== WORK ORDER ==
Your answer must be an exact transcription of the data, with every picture omitted.

== DATA ==

──────────────────────────────

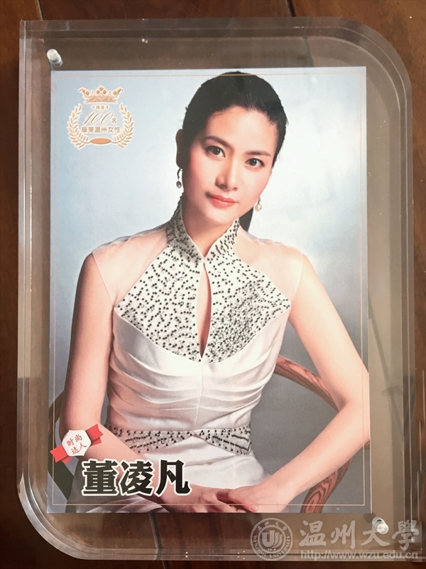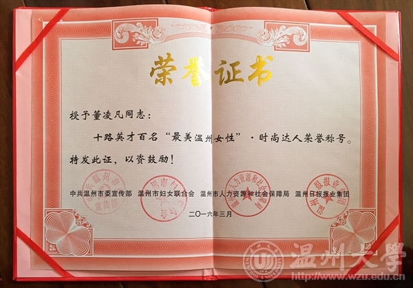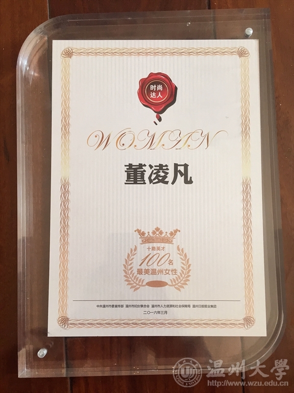巾帼建功十三五,美丽绽放在温州。2016年3月7日晚,温州市庆祝“三八”国际妇女节106 周年纪念大会暨十路英才百名“最美温州女性”颁奖庆典在温州市妇女儿童活动中心隆重举行。来自科研、金融、文化、农业、电商和旅游等十大领域的优秀女性代表——十路英才“最美温州女性”受到表彰,她们为各行各业女性树立了正面标杆和先进典型。温州大学琵琶,古筝副教授董凌凡荣誉入围温州市十路英才百名“最美温州女性”中的时尚达人。
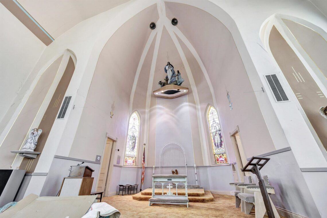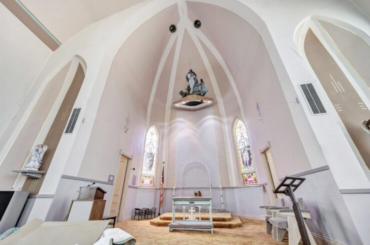 The building retains all the architectural elements expected from a structure of this vintage—including the high ceilings, incredible solid framework, and even some of the original pews—providing a unique foundation that simply cannot be replicated today. Finding a structure of this magnitude, in such good condition, and for this price, is a feat we were incredibly proud to secure.
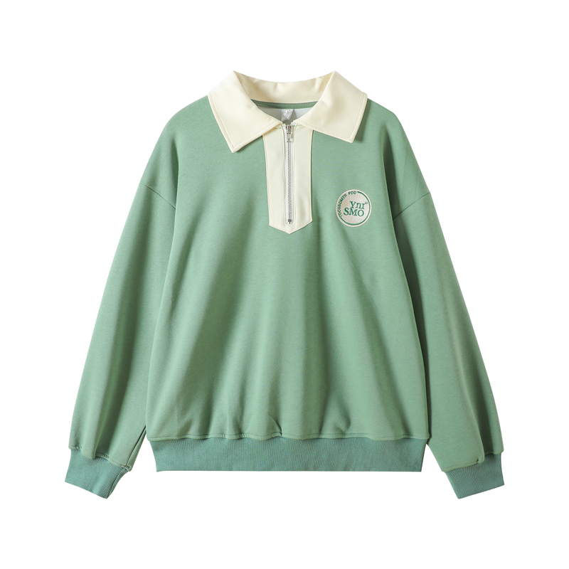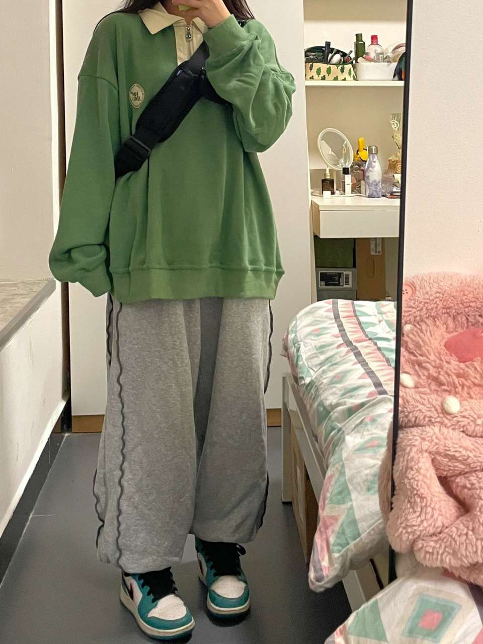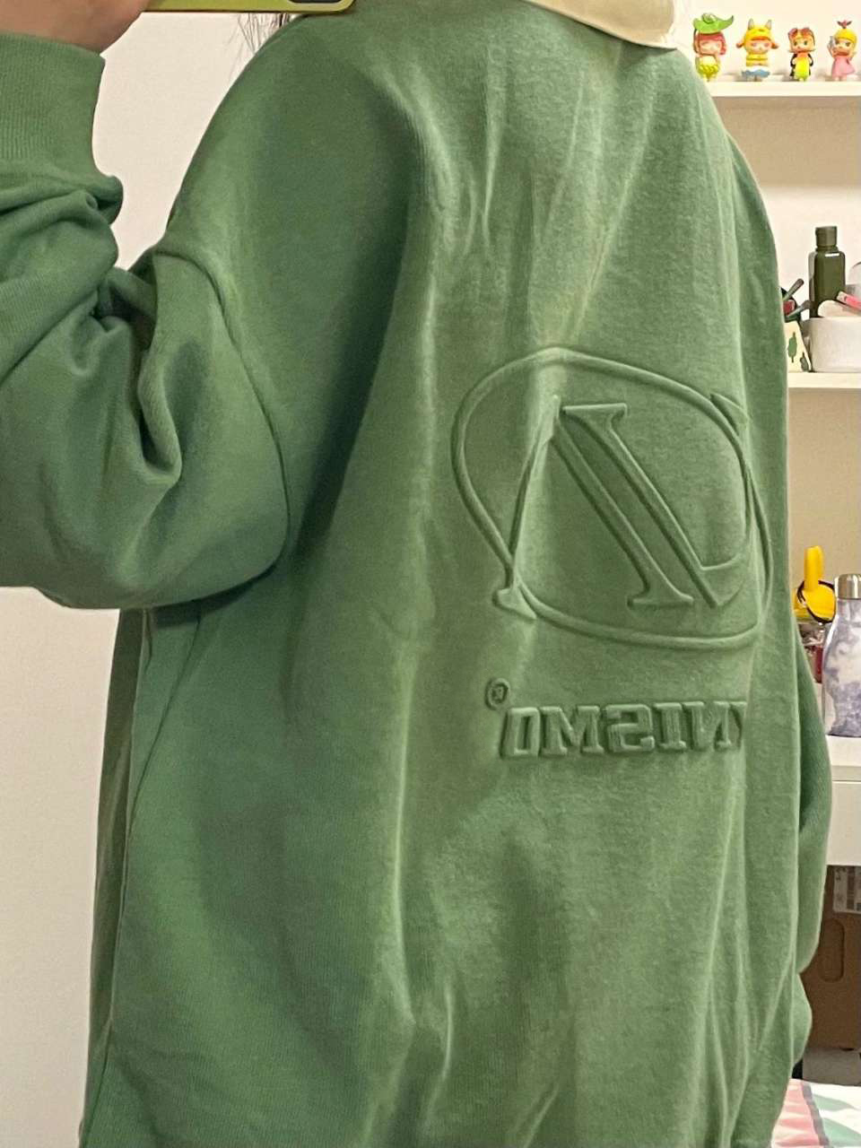 綠色polo領衛衣女春秋冬美式復古oversize寬鬆慵懶風插肩長袖上衣

──────────────────────────────

== RESULT OF THE TASK ==
巾帼建功十三五,美丽绽放在温州。2016年3月7日晚,温州市庆祝“三八”国际妇女节106 周年纪念大会暨十路英才百名“最美温州女性”颁奖庆典在温州市妇女儿童活动中心隆重举行。来自科研、金融、文化、农业、电商和旅游等十大领域的优秀女性代表——十路英才“最美温州女性”受到表彰,她们为各行各业女性树立了正面标杆和先进典型。温州大学琵琶,古筝副教授董凌凡荣誉入围温州市十路英才百名“最美温州女性”中的时尚达人。
 The building retains all the architectural elements expected from a structure of this vintage—including the high ceilings, incredible solid framework, and even some of the original pews—providing a unique foundation that simply cannot be replicated today. Finding a structure of this magnitude, in such good condition, and for this price, is a feat we were incredibly proud to secure.
 綠色polo領衛衣女春秋冬美式復古oversize寬鬆慵懶風插肩長袖上衣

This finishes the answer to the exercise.